We get so caught up in the to-do lists every day, so busy trying to keep things moving, that we tune out of the very sensitivities that make us human. 

I, for one, realized this only when I was forced to spend time alone with my thoughts – when I was running the Marathon des Sables, a 250km run across the Sahara Desert, in April last year. 

Here’s what I learned about myself when I had no choice but to turn inwards for some company. Some of these revelations have been massive for me. They’ve changed how I approach life and work.

I reaffirmed that I could do absolutely anything I set my mind to 

I’ve always known I was this guy — someone driven by seemingly impossible challenges. But I had the chance to reflect on the power of that particular quality. 

If I could go from being a morbidly-obese 130kg sedentary workaholic to a 72kg ‘athlete’ who knocks off ten workouts a week and attempts an ultramarathon, then there was very little that I couldn’t do. 

That one idea fuels much more than just my workouts – it’s at the back of my mind whenever I face a new challenge, be it a business or financial goal, a fitness goal, absolutely anything.

I needed to spend more time with myself

We live in an urban jungle. We’re all so busy being busy. There’s always a 100-chore to-do list that we comfortably bury ourselves under – got to pick the kids up, got to pay the electricity bills, got to renew my visa, got to book those tickets or get into that rent negotiation chat – the list is never-ending. 
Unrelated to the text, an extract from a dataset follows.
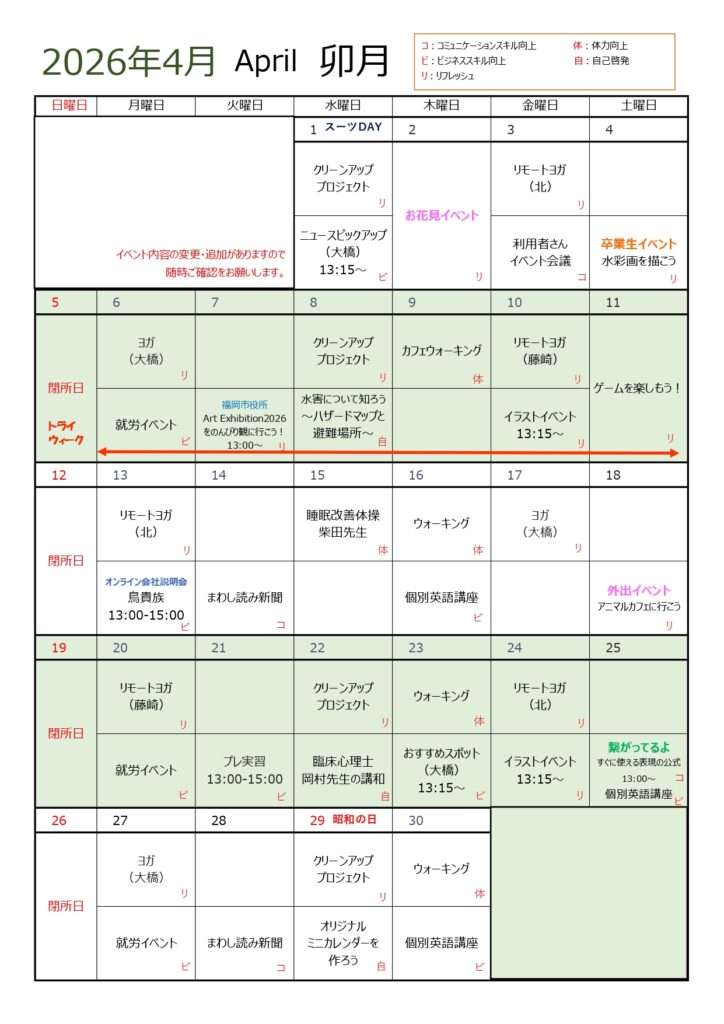 こんにちは、4月のイベントカレンダーの修正版をお知らせします!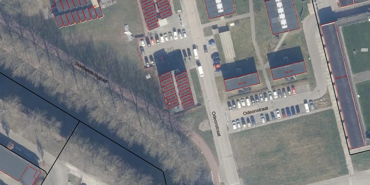 Het perceel waarop Odeonstraat 141 staat heeft een oppervlakte van 12,7 ha. Dit is een zeer groot perceel. De perceeloppervlakte wordt geregistreerd door het Kadaster. Gedetailleerde informatie over de maten van dit perceel kunt u vinden in het rapport Kadastrale kaart met maatvoering van Odeonstraat 141.

It’s almost as though we procrastinate being alone with ourselves, and giving ourselves the time and space to think – or at least it felt like that for me. 

I think it’s vital that people deliberately cut out time in their day, week, month, to stop and just think. 

The long hours I spent training for the ultramarathon, and then the six days I spent running it, gave me a lot of time to do just that. It helped me compartmentalize and figure out how to deal with things one at a time.

I had a lot of emotional baggage to offload  

This was probably the big internal shakedown I really needed. I’ve been through a lot of emotionally-taxing events over the last decade or so. 

My dad passed away ten years ago, two close friends had lost their lives too, I’d walked out of a successful family business & another partnership to work on my own – it’s just been a whole lot of stuff. 

I never actually gave myself the time to grieve those deaths. I never let my soul recover from those losses because I just threw myself back into the drill. But I was forced to confront those feelings, and I’m glad for it. 

When you’re out there in the desert, about to get started on an 86-kilometer phase of the run that could take anywhere between 14 and 35 hours to finish (I took 22 hours if you are wondering), you’re just trudging along, one foot in front of the other. 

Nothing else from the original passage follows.